Day #53 In the Middle

Updated: Jan 7, 2021


Dear Teacher Stuck in the Middle,


In a job interview I was once asked my birth order. I stumbled over the question and laughed at myself because I really didn't know how to answer. I have an older brother and an identical twin sister. I am forty-one-minutes older than my twin sister, which technically makes me a middle child.


I've never thought of myself as a middle child, but something I have thought about often is the forty-one minute time lapse between my entrance on the planet and my sister's debut. I had a whole forty-one minute life on earth without her. It was wild.


I also think about my poor Momma. Over a half an hour in labor is a long time to be in transition.


An agonizing birth story might be a foreign notion for most, but maybe, the concept of being stuck in the middle is not.


It's December, which to a school teacher means first semester is almost finished. In a few weeks, second semester will make her debut. We're right smack dab in the middle. There are also many teachers positioned in the middle of their careers. Some of these teachers are asking themselves if they want to keep doing this for the long haul.


The questioning is understandable, especially after the unbearable demands of this year. These seasoned teachers have been teaching long enough that the luster of changing the world is no longer shiny, but they haven't been teaching so long that the retirement finish line is visible.


Whether birth order, school year, marriage, or career, the middle can be a tough lot in life.

But there's also something magical about being squeezed in the middle seat of life. Yes, it's tight, but it also becomes a place of waiting and trust.


You aren't the first. You aren't the last, but you're still growing, learning, evolving, and each payment is dwindling down the principal of debt that will lead to a culmination of a beautiful new life to hold and cherish, a life that can only happen through the pain of stretching.


Yes, it's uncomfortable and a little boring at times, but try to be patient in the waiting because the best part of the story is buried in the mundane, the chasm between where you are and where you want to be.


As an avid reader for most of my adult life, I can attest that the beginning of a story grabs your attention, the ending dazzles you, but the middle is where you fall in love with the message.


There are still a lot of pages to be written in your life, so don't rush the development trying to get to the end.


In "The Birthmark," one of my favorite short stories, Nathaniel Hawthorne penned this beautiful ending line regarding the tragic death of the main character's beautiful wife.


"He failed to look beyond the shadowy scope of time to find the perfect future in the present."


I have read this story at least 50 times with students through the years.
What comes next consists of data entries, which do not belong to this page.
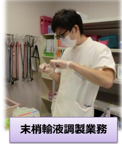
末梢輸液調製業務
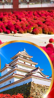
ปราสาทสิรุกะ
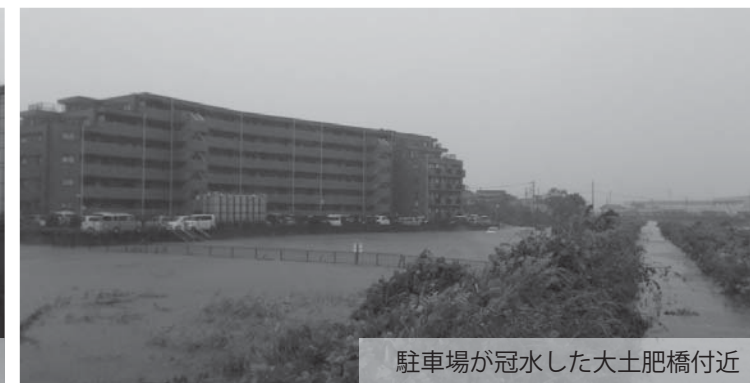
駐車場が冠水した大土肥橋付近
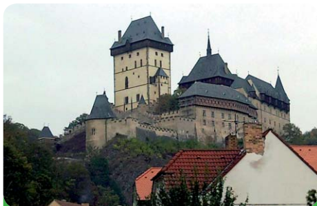
Skvostný hrad Karlštejn
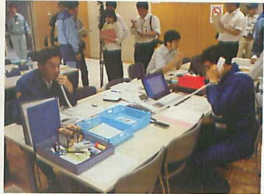
[ 高浜 OFC 滋賀県ブースでの活動 ]
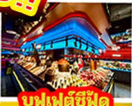
บุฟเฟต์ซีฟู้ด

Each time the sadness overwhelms me anew as I consider how guilty I am at wishing away the best parts of my life. I always urged my students to live in the moment and not waste away their lives waiting on a better part to come along.


Sadly, I wasn't always skilled at heeding to the advice I so generously doled out each year.


Even now, I can hear the reverberating echo of my own voice.


"The best part has always been the middle (the present), don't you see it?"